I've been writing this scraper in PHP for the past several months and have it pretty much collecting all the data I want it to. The problem I'm having, is the time frame to go out and grab all of the data is pretty long - like 5-6 hrs for a complete "set"...and when I run a job that size, I almost never get a complete set of data back. Either the app crashes, the browser crashes or something undetermined goes wrong. I'm closing curl and mysql sessions.
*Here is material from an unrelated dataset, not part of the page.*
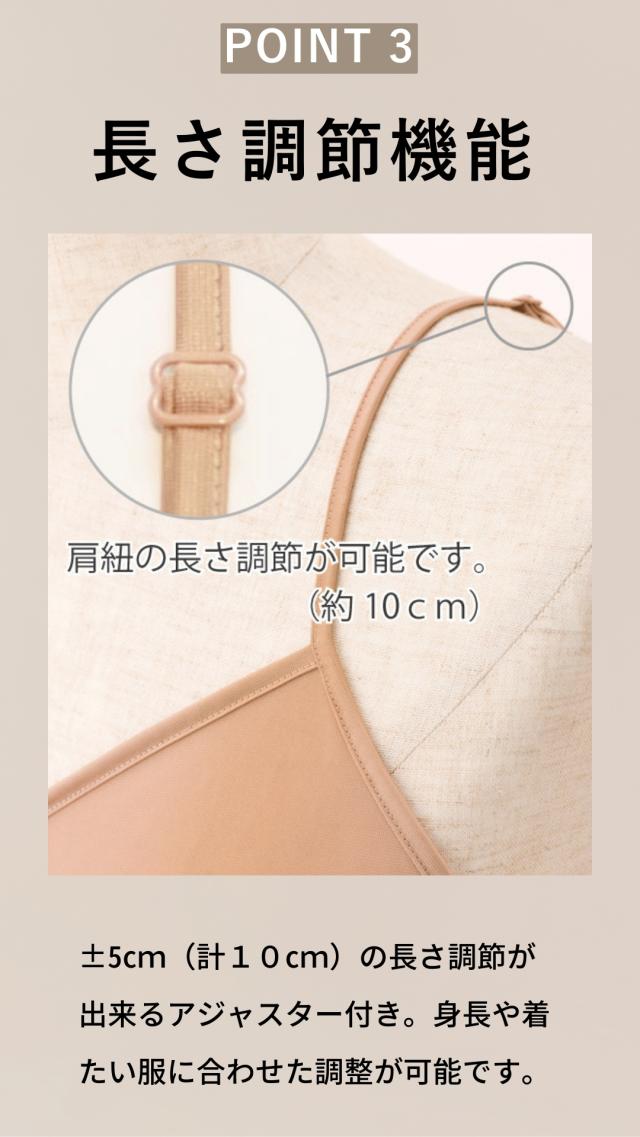 当店のスリップ・ペチコートは全て東レの国産生地を使用しており、それを職人さんが1枚1枚丁寧に手作りで仕上げております。生地は吸汗速乾素材でいつもさらさら、静電気を防止し、優れた防汚性も兼ね備えた「快適・清潔」素材です。肩ひもの長さも調節可能となっております。ワンピースやスカート・パーティードレスのインナーとして着ていただきますと、アウターのまとわりつきや静電気を防ぎ、快適さを実感いただけると思います。是非一度お試しください。

I've already started to write some error handling stuff so I can pick up where I left off, but it still pisses me off when I get up in the morning expecting to see 1000 results, and I only have 200. I'm guessing that if I ran this command line I might not run into as many issues, but I still need to test that. Does anyone know how to pass post variables using CLI...because I have no idea. Any other suggestions? I know some of you do some pretty aggressive scraping so any advice you can give me is much appreciated...
curl_multi mother fucker.

As an alternative: Break it into smaller sections, use a browser and ajax to send out small groups of urls to query. It kind of sucks having to leave a browser open, but sometimes it's just the easiest way...especially if you need to track partial progress.
 
Thanks Shady. Honestly never heard of curl_multi before today, but I'm a noob at this shit. Going to check it out. In hindsight, opening up 10 different curl sessions in different functions probably wasn't the smartest thing to do :)
 
ssh + screen = long scraping with php, no problems. screen means if your connection goes down, you won't lose your current session.
 
Thanks Shady. Honestly never heard of curl_multi before today, but I'm a noob at this shit. Going to check it out. In hindsight, opening up 10 different curl sessions in different functions probably wasn't the smartest thing to do :)
Ah. Yeah. You want to write containers for everything. As pre-configured as possible.
For Example:
MyCurl
-getURL()
-getData()
-setURL($url)
-setRef($url)
-setPost($shouldPost, $array);
-setPost($shouldPost, $qstr);
-setUserAgent($name)
-getJavascriptVariable($name)
-sendRequest();
-setShowHeader($bool);
MyCurlMulti
-setURLs($array);//loads into MyCurl
-sendRequests();
-getData($connectionIndex);
-getAllData();//returns array of request data

That's just a brief example though. They have a habit of growing.